---------- TASK DATA

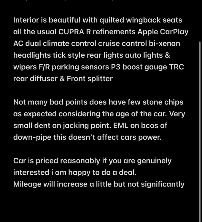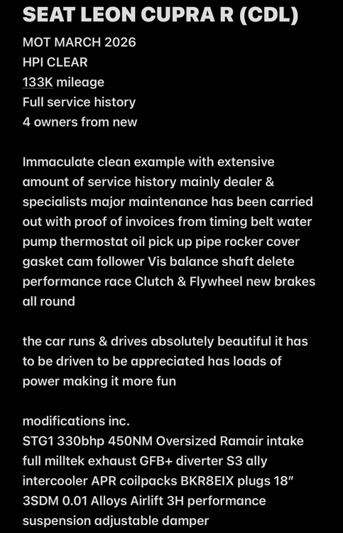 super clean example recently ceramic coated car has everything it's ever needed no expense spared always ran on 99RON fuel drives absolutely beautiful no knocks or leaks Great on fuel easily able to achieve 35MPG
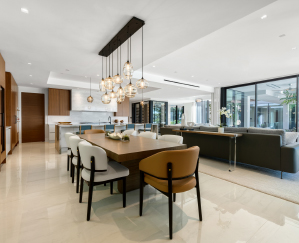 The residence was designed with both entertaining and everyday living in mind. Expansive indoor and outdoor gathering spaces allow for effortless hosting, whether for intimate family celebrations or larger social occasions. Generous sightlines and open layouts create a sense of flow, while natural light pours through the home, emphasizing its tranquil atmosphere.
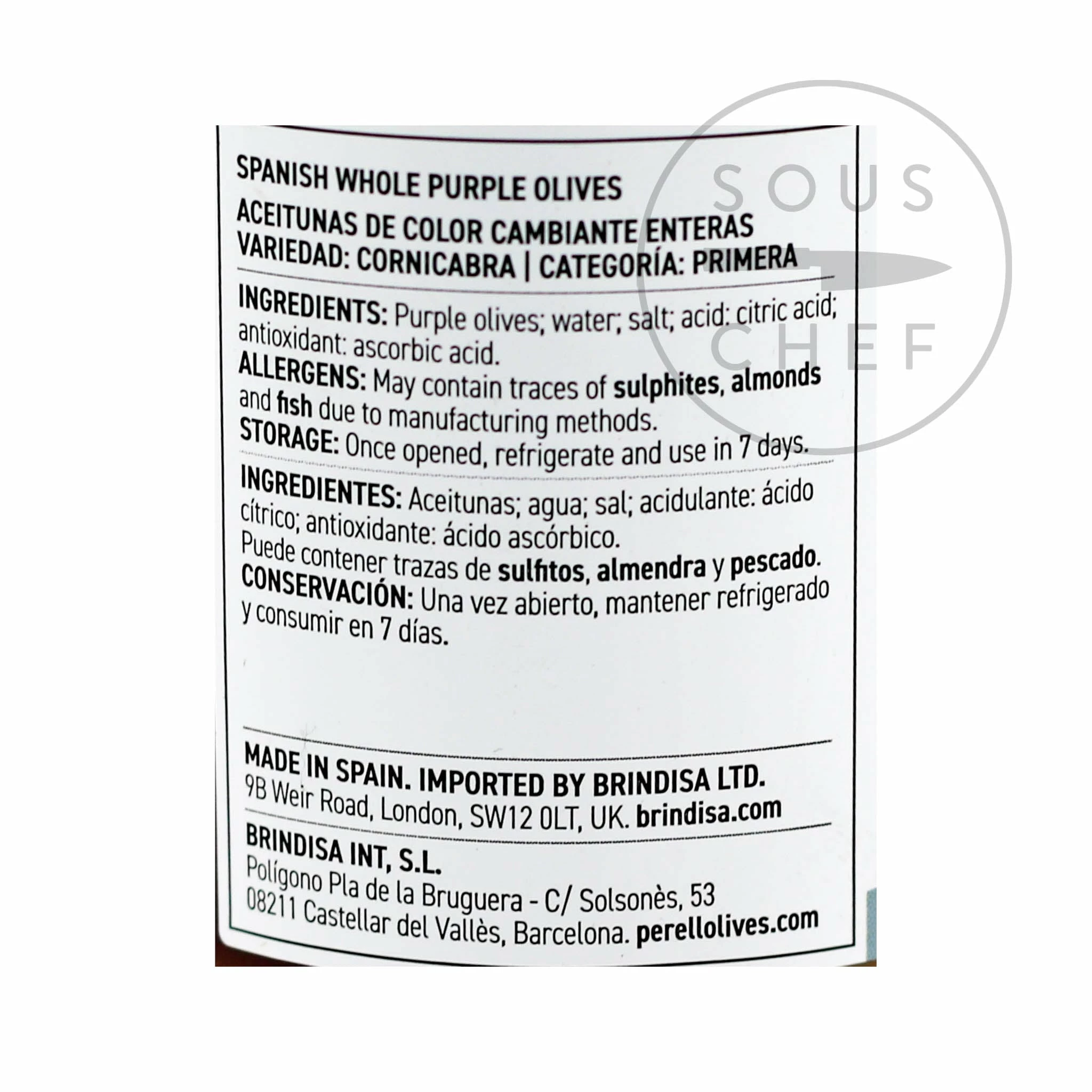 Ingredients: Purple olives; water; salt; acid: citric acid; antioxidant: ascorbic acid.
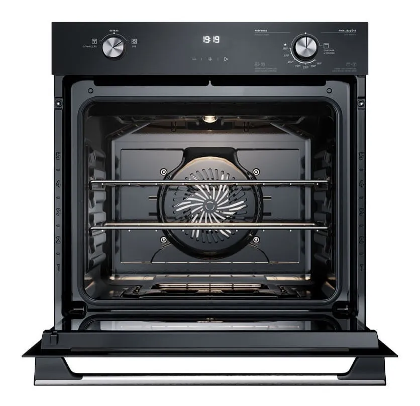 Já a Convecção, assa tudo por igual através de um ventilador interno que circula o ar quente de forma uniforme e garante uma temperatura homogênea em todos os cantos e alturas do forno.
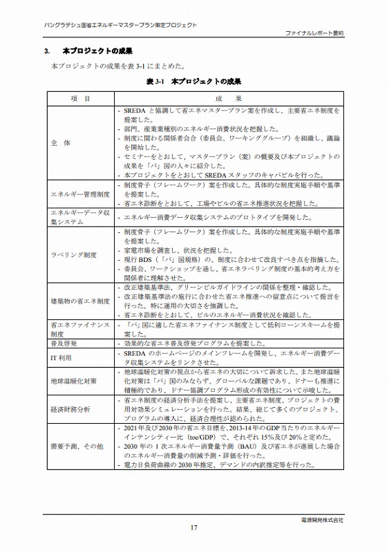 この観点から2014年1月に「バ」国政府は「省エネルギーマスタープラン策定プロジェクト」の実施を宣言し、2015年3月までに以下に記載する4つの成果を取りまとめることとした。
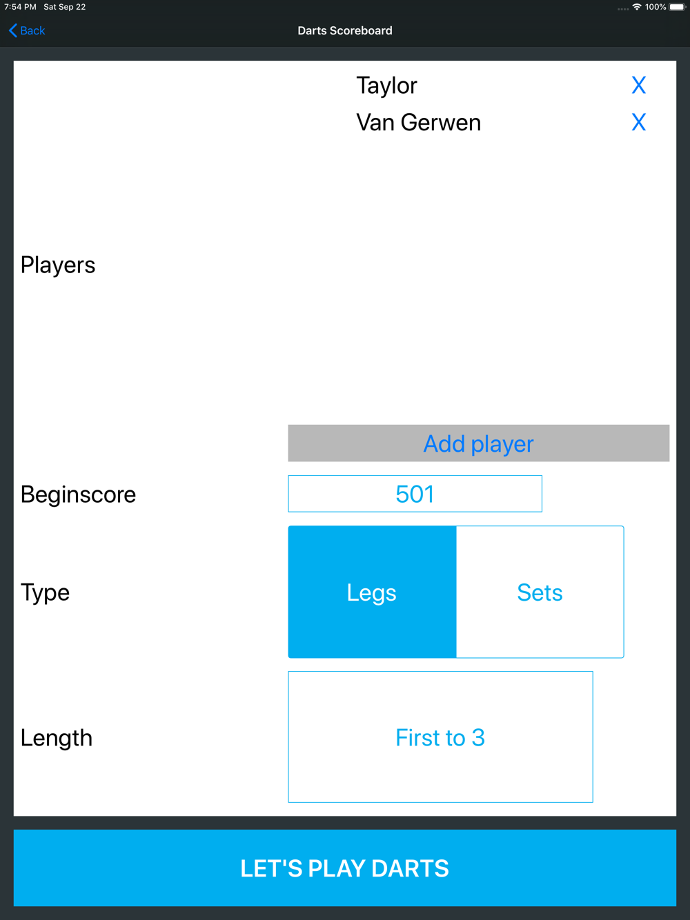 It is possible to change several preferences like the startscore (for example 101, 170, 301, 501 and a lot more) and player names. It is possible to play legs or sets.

--------------------
---------- TASK DATA

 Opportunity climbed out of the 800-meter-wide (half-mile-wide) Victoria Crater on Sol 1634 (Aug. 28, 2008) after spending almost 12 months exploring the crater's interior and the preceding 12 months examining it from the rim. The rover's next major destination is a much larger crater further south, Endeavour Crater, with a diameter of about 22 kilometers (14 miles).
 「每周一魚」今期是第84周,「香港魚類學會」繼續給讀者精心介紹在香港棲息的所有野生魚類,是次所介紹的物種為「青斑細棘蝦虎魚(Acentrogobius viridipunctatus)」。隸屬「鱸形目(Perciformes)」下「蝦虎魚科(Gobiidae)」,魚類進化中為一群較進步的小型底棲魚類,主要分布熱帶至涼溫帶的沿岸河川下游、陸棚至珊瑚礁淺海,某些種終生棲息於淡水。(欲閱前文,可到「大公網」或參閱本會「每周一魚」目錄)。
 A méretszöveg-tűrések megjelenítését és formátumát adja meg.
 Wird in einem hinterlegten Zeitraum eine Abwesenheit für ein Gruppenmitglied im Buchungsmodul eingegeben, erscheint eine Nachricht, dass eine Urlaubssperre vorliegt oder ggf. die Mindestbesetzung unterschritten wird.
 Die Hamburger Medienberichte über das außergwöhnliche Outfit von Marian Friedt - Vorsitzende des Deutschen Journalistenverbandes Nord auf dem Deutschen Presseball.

--------------------

**TASK GOAL**
Starting with the line with "Wird in einem" above and going on through the line with "Die Hamburger Medienberichte", transcribe every line exactly, both ends included, and add nothing.

**ANSWER AREA**
 Wird in einem hinterlegten Zeitraum eine Abwesenheit für ein Gruppenmitglied im Buchungsmodul eingegeben, erscheint eine Nachricht, dass eine Urlaubssperre vorliegt oder ggf. die Mindestbesetzung unterschritten wird.
 Die Hamburger Medienberichte über das außergwöhnliche Outfit von Marian Friedt - Vorsitzende des Deutschen Journalistenverbandes Nord auf dem Deutschen Presseball.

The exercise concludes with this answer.